Desprovido de tantos pais, e absolutamente órfão Frodo morre, quando Laracna, o monstro da ausência, do escuro que é a falta de luz, a falta de esperança o atinge e o embalsama. Frodo só volta a vida quando seu pai Sam retorna triunfal para salvá-lo, super-poderoso, praticamente um "grande guerreiro élfico, bem ao modo como os pais fazem e parecem para as crianças indefesas. Além disso, Frodo tem a estrela de Eärendil, "uma luz quando todas as outras luzes se apagarem", quer frase mais maternal e protetora que essa? E quando ele tropeça em Mordor ele não cai em seu solo seco e frio, mas na grama macia e molhada de orvalho do Condado e quem oferece a mão para levantá-lo é Galadriel dizendo: "Essa missão é destinada a você Frodo Bolseiro, e se você não conseguir cumpri-la, ninguém mais conseguirá" é o pensamento de todos os pais a seus filhos, eles querem que nós nos demos bem na vida, para que sejamos "alguém na vida", que superamos as adversidades que vamos encontrar no nosso caminho e alcancemos nossos objetivos, embora eles não poderão nos acompanhar por todo o caminho. Por que por mais que eles vivam, a missão deles é apenas nos preparar como puderem, pois a demanda da nossa vida é um fardo que apenas cada um de nós pode carregar e ninguém mais pode fazer isso por nós.
Nesse caminho, vamos encontrar grandes dificuldades, fazer e perder amigos e inimigos, por diversas vezes nos sentiremos sozinhos, com frio e com fome, nunca saberemos ao certo se estamos no caminho correto e de vez em quando, nos perderemos. E no final, nossa demanda deixará marcas, visíveis e invisíveis. Frodo perdeu um dedo, nós perderemos nossa face, pois envelheceremos. Frodo perdeu o Condado, que nunca mais foi o mesmo para ele, nós perderemos o conforto da infância, pois envelheceremos.

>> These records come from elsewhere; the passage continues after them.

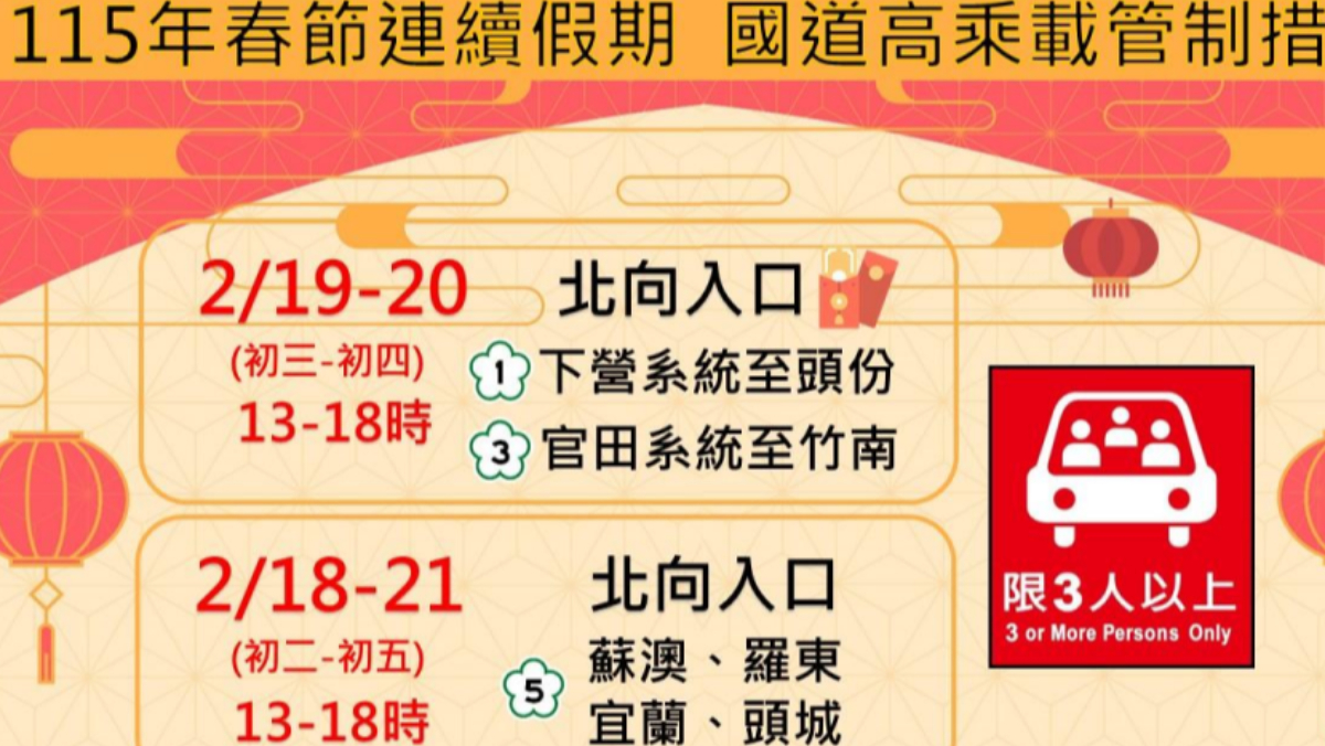 今年春節連假國道實施高乘載管制之路段與時段如下: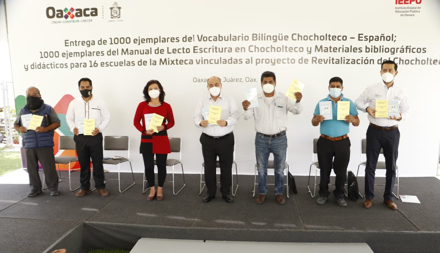 A través del proyecto de Revitalización del Chocholteco, el IEEPO ha impulsado capacitaciones para la enseñanza de la lengua materna impartidas por especialistas del CIESAS, adquisición de materiales bibliográficos y didácticos, así como en la reproducción del Vocabulario Bilingüe Chocholteco – Español y el Manual de Lecto Escritura en Chocholteco, elaborados por hablantes de la zona.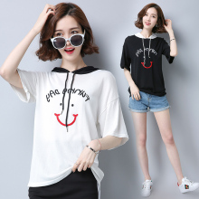 时尚简单连帽显瘦冰丝t恤半袖女针织短袖2017新款薄款上衣夏季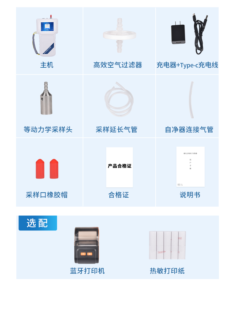 ?標配:等動力采樣頭、充電適配器、熱敏打印紙、高效空氣過濾器、熱敏打印機、測量延長氣管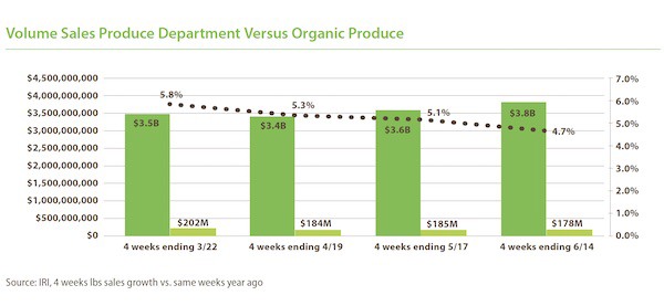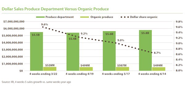 During the first four-week period ending March 22, organic produce sales were just shy of $528 million. Total produce department sales were just over $5.5 billion. This translates into a 9.6% share for organic produce during that first four-week period. As conventional benefitted from robust sales gains off the $5.5 billion base throughout the pandemic, the share of organic produce versus the total department has actually dropped somewhat despite higher-than-average growth percentages during three out of the four periods. During the most recent four week period ending June 14, the dollar share for organic produce is down to 8.7%.

Órfãos arremessados no mundo, encarregados de tarefas grandiosas e fúteis, muitas vezes sem saber em qual é essa missão, qual é a demanda, mas continuaremos (ao menos a maioria de nós) a caminhar e no final pode ser que nos surpreenderemos, pois teremos uma experiência de vida, uma história, que poderia ser colocada em um livro ou muitos deles. Mas isso tudo nós só conseguiremos se abandonarmos o útero aquecido de nossas super-poderoas mães e sermos cuspidos sozinhos no frio mundo e começarmos a nossa longa, e muitas vezes solitária, caminhada de órfão.
Afinal, já dizia o pensador: "Os barcos estão mais seguros nos portos, mas não foi para isso que eles foram construídos".